As Mae Elise Cannon and Joyce Ajlouny write in their recent Sojourners commentary, the precipitating events of the most recent crisis included: the attempted forced removal of Palestinian families from their homes in East Jerusalem to make way for Israeli settlers, protests in response to these efforts and the heavy-handed reaction by Israeli police, Israeli disruption of worship at the Al-Aqsa Mosque during the holy month of Ramadan, and violent escalation by Israeli forces and Hamas.
That violence gave power to the extremes — including Hamas as well as Israeli Prime Minister Benjamin Netanyahu’s government and its right-wing allies. While we condemn the Hamas missile attacks on Israeli civilians and support Israel's safety, we also condemn the Israeli government’s actions that sparked the latest conflagration and disproportionate response, recognizing that the loss of life and experience of suffering, as always, are severely asymmetrical.
Behind the latest crisis is the ongoing, 54-year Israeli occupation of the West Bank and East Jerusalem — judged illegal by nearly all the international community except the United States — and the virtual imprisonment of Gaza. Both of us have traveled to what many Christians call the Holy Land; we have seen the jarring reality of Israel's occupation with our own eyes. Even a decade ago, we could see how a boom of illegal Israeli settlement construction was making a two-state solution more dire, if not impossible.
Through the nearly $4 billion in mostly military aid that the U.S. provides to Israel each year, the U.S. has been a direct enabler of the Israeli government, and we thus wield significant leverage to secure peace. President Joe Biden must continue to apply the strongest possible political pressure to ensure a permanent cease-fire.
We join Churches for Middle East Peace in calling on the Biden administration to:
- Publicly declare that Israeli settlements are illegal and that the U.S. opposes all settlement activity, including in occupied East Jerusalem.
- Intervene directly with the Israeli government to ensure the immediate cancellation of all pending eviction orders in East Jerusalem.
- Support Rep. Betty McCollum’s (D-Minn.) legislation, HR 2590, which calls for greater transparency on how U.S. security assistance to Israel is used, specifically seeking to ensure U.S. taxpayer funds are not used to abuse Palestinian children, annex Palestinian land, or demolish Palestinian homes.
We must be crystal clear that there can be no sustainable peace in the Middle East without a commitment to justice and consistent, clear support for Palestinian human rights. The cease-fire is essential, but it will not solve the underlying issues that have ignited this latest eruption of deadly violence and war.
We also see hope: in the youthful voices and acts of protest, in grassroots bridge-building efforts between Israeli and Palestinian parents who have lost children to senseless violence, and in courageous voices from all sides who reject the morally callous political leadership of their societies.
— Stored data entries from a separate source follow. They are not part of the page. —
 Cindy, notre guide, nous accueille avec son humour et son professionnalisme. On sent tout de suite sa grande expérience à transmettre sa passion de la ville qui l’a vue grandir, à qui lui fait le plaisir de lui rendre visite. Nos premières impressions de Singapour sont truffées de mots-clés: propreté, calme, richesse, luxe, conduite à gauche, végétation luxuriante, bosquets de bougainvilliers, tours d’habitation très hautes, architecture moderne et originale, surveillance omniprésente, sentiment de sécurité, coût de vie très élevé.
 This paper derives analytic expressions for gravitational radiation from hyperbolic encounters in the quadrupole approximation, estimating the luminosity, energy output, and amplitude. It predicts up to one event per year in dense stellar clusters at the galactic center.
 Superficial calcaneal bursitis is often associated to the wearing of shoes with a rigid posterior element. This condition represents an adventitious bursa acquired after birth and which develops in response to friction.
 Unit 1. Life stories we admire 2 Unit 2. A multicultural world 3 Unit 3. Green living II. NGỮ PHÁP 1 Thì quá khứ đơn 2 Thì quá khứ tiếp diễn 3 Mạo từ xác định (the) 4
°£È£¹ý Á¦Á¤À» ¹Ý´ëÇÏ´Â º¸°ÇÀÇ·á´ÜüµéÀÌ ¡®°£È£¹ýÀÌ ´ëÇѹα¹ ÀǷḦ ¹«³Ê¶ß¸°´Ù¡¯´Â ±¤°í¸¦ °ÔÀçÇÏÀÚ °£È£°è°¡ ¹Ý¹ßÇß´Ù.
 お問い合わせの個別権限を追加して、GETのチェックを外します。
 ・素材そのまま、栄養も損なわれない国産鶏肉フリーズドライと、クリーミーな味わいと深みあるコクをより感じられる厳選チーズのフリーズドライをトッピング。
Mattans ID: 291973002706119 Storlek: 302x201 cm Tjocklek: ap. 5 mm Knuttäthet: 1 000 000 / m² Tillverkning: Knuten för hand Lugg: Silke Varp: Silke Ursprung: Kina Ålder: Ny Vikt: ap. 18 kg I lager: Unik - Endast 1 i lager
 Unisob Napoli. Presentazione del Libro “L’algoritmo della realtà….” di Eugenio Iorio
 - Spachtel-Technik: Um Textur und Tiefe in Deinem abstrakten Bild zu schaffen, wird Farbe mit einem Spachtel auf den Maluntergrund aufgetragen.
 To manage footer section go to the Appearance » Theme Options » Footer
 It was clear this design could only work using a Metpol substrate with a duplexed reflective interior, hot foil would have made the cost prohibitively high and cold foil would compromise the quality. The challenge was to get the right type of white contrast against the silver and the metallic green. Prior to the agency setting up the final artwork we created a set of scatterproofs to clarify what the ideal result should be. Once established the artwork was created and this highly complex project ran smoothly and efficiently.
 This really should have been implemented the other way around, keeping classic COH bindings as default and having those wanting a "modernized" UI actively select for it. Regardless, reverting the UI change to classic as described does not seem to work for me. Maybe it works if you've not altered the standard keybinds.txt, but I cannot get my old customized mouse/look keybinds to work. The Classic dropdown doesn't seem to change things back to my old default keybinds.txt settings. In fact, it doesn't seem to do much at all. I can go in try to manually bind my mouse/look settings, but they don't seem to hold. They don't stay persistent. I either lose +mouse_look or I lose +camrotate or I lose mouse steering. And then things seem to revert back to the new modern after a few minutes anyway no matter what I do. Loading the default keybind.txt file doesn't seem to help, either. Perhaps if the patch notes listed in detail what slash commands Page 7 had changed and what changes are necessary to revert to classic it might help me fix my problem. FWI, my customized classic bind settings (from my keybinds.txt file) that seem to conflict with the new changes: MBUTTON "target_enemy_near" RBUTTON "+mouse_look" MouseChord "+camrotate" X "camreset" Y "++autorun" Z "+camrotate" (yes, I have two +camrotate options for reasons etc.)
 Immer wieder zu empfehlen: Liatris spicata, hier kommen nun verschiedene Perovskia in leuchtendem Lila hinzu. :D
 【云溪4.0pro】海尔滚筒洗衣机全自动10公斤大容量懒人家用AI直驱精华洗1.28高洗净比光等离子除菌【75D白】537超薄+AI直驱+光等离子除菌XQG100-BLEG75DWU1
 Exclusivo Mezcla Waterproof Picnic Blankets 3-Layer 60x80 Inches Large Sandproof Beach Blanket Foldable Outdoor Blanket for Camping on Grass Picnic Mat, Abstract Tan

Rockets and bombs have relegated these voices to the margins. But those rockets and bombs will only fuel more hatred, more divisions, more polarization, and more violence. The fundamental injustice of the occupation and its daily humiliations must end, and those Israeli and Palestinian voices yearning for a different future must become the center of our attention.
Christians should be listening to many voices and perspectives. We’re grateful for the voices of those involved in international peacemaking such as Cannon and Ajlouny, who dig into the history behind the Israeli occupation in their piece. We’re also grateful for Palestinian Christian pastor Munther Isaac, who clarifies why the language we use to describe the situation on the ground matters and offers a plea to fellow Christians around the world. These voices shed a needed light on what we as Christians can do to respond.